Sure, I understand why they do it. And, no, I’m not referring to the fact that regressives seem to be congenital liars, or that, because they themselves are so existentially frightened, they understand instinctively just how the politics of fear work.
No doubt all of that is part of the equation. But I think the bigger reason that we are continually exposed to this insane mantra is because, despite their delusional tendencies, even conservatives recognize the paucity of plausible alternative claims.
I mean, would you want to go to the public bragging about having booted two wars, one based entirely on lies, and both strung out now about twice the length of America’s involvement in World War II? Would you run for office touting your party’s achievements at doubling the size of the national debt? Would you point to Hurricane Katrina and say “Heckuva job, Bushie”, expecting the public to agree?
In fact, though, they should be laughed out of the room for making what is in reality the most absurd claim of all. And then they should consider themselves damn lucky only to be laughed at.
Disingenuous regressives (and what other kind are there?) who try to sell you on this notion want you to believe that the Bush administration somehow began on September 12, 2001. They love to tell you about how the country was protected from terrorist attack after 9/11. But that’s odd, isn’t it? I always thought the job of the president was to protect the country for the entire length of his administration, not just nine-tenths of it.
Indeed, only one president experienced a major foreign terrorist attack on his watch over the two and a quarter centuries the United States has existed. His name was Bush, George W. Somehow, they don’t mention that part. Of course, the joys of having conservatives around have always included the pleasure of hearing lies to cover truth, bluster to mask fear, and arrogance bluffing for insecurity. Likewise, the folks running hither and yon squawking about how they kept us safe are actually the only ones in the entire history of this country who, simply, did not. Did. Not.

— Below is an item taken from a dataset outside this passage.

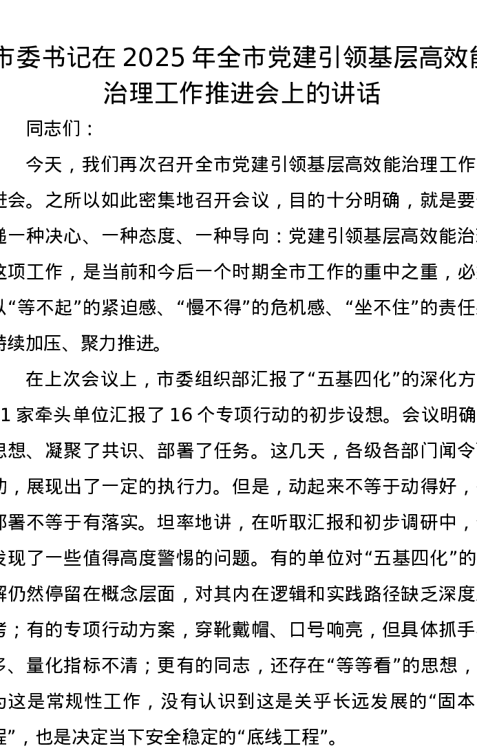 市委书记在2025年全市党建引领基层高效能治理工作推进会上的讲话

Yet, in fact, this is only the beginning of the crime (and I won’t even comment on the many strands of compelling evidence suggesting that some or all of the official 9/11 story is a fabrication). When I say that George W. Bush is the only president to have “experienced” a major terrorist attack on his watch, that is the most charitable possible reading of events. Even if one does manage to intrude upon regressive hallucinations by pointing out that, uh sorry, it wasn’t Jimmy Carter who was president of the United States on 9/11, any regressive worthy of his stripes will demonstrate great umbrage at the suggestion that Bush might have prevented that day’s attacks.
And, you know, personally, I suspect that blocking secretly-planned terrorist strikes is pretty tricky business, even for the best of governments at the top of their game. And so, ordinarily I’d be inclined to cut any president some serious slack on this question, assuming there was a competent team making its best efforts at the admittedly difficult project of swatting flies in the dark, with the necessity of getting them all.
And it is precisely this widely held sense of fair play upon which regressives prey when they implicitly exonerate the Bush administration for the failure of 9/11. But there are two crucial flaws to this unstated (because it is never challenged, and therefore doesn’t need to be spoken) line of thought, and they are in fact monstrous in both scope and effect.
The first is the notion – generally implicit, but sometimes stated by people like Condoleezza Rice – that nobody could have seen this sort of attack coming. She, for example, has noted that when one used to think of terrorist airplane hijackings, those scenarios involved simply flying the plane to Cuba or some such place and demanding a ransom. Leave aside that some security officials did, in fact, game out precisely the possibility of hijacking airplanes and crashing them into buildings. And leave aside the odd twist of logic that this approach entails, suggesting that mere ‘regular’ hijackings would be acceptable and unnecessary to guard against.
Even apart from all that, what is so galling about this lame defense is that it comes from the very same people who consistently criticized the Clinton administration for supposedly being weak on terrorism. In fact, Richard Clarke, who served both presidents, in addition to Bush’s father and Ronald Reagan, has indicated emphatically – despite the fact that he’s a Republican who voted for Bush in 2000 – that Clinton was far more serious about combating terrorism than his successor was.
It’s well beyond outrageous for regressives to simultaneously attack the Clinton administration for its failures at preempting terrorist attacks – against the World Trade Center, against the USS Cole, against American embassies in Africa – and yet fully exonerate Bush, heroically even, for 9/11. Unless I’m reading my history book upside down again (as I am sometimes wont to do ‘cause it makes so much more sense that way), the Bush administration came after Clinton. They had no excuse for being less vigilant against an Al Qaeda attack, especially given their fondness for labeling Clinton as weak on terrorism.
But the second implicit logic underlying the exoneration of the Bush administration for 9/11 is even more gratuitous. It’s the unspoken presumption that the administration did everything it could and simply couldn’t prevent the attack any more than all the will and all the effort in the world could stop a tsunami coursing across the ocean from reaching its destination.